Wednesday, 7 September 2016

Torque converters now becoming lighter

Component supplier Schaeffler claims its iTC torque converter represents a new generation of lighter-weight torque converters that are help reduce vibrations.
A key feature of the iTC – or integrated torque converterTorque converters become lighter, is a lock-up clutch integrated into the torque converter turbine.
This makes the system lighter and creates space for more efficient torsion dampers, such as the centrifugal pendulum-type absorber developed by Schaeffler.
“The damper with a centrifugal pendulum-type absorber in the torque converter significantly improves the isolation of vibrations. This technology thus allows the lock-up clutch to be closed at an earlier stage. In turn, both fuel economy and comfort can be improved at the same time”, explains Uwe Wagner, vice president research and development automotive at Schaeffler. “That is why the majority of the torque converters used in future automatic transmissions will include a centrifugal pendulum-type absorber”.

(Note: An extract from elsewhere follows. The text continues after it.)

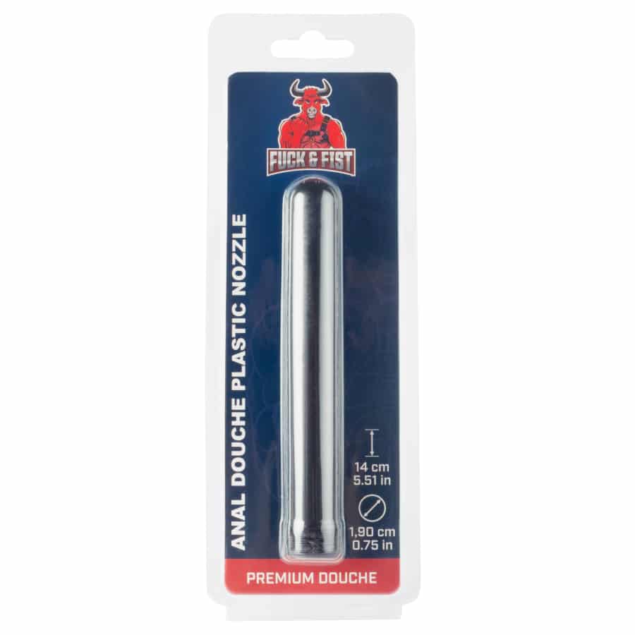 Anal enema tip with an insert length of 13.5 cm and a width of 1.9 cm.

Compared to conventional torque converters, the iTC also requires fewer components. As the entire axial force of the turbine is transferred through the friction surface, this design does not require an axial bearing between the turbine and the stator.

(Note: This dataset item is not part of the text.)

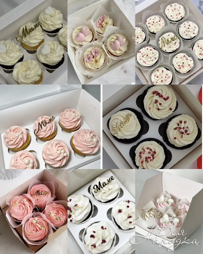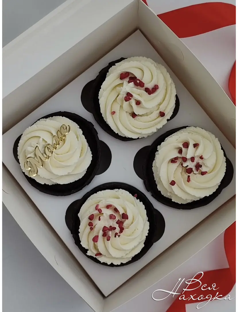 Капкейки ванильные, шоколадные, красный бархат. Внутри ягодное конфи. Декор на ваш вкус.

The number of individual elements required for the application of torque to the torsion damper and the integration of the piston into the turbine can be cut. This not only makes the design lighter, it also allows more effective torsion dampers to be designed using the available design envelope.
The mTC (multi-functional torque converter) is suitable for use in combination with start-stop systems and can compensate for delayed response behaviour; so-called “turbo lag”.
Furthermore, fuel savings of up to five percent can be achieved with the multi-functional torque converter thanks to the optional idle disconnect function and early torque converter lockup.
The mTC eliminates the torque converter idling losses that previously had to be taken into account, as the transmission can be decoupled from the engine, and this converter arrangement also allows the mass moments of inertia to be distributed in a more beneficial way, resulting in an improved isolation of vibrations in all operating ranges. Because of the engine decoupling, the engine reaches higher starting speeds at the moment at which the torque converter is activated. 
Schaeffler’s LuK brand began developing torque converters in Bühl in 1990. Schaeffler strengthened its market position in the USA with its own torque converter development and manufacturing location in Wooster, Ohio, in 1998. Today, this serves as a competence centre in Schaeffler’s global development network.
                          Schaeffler invests further in China
Meanwhile, Schaeffler is expanding its production capacity in China with an investment in a new manufacturing location in Xiangtan.
The expansion is being panned in stages and will begin with the construction of a manufacturing plant covering 20 hectares. It will produce automobile parts and precision bearings, with initial output planned for the end of 2018. An additional phase of expansion will see a second plant constructed together with a logistics centre and a training facility.

Schaeffler first began investing in manufacturing and R&D facilities in China in 1995.
Then, in April 2014, Schaeffler began torque converter production at its plant in Taicang China, where the one-millionth torque converter recently came off the production line.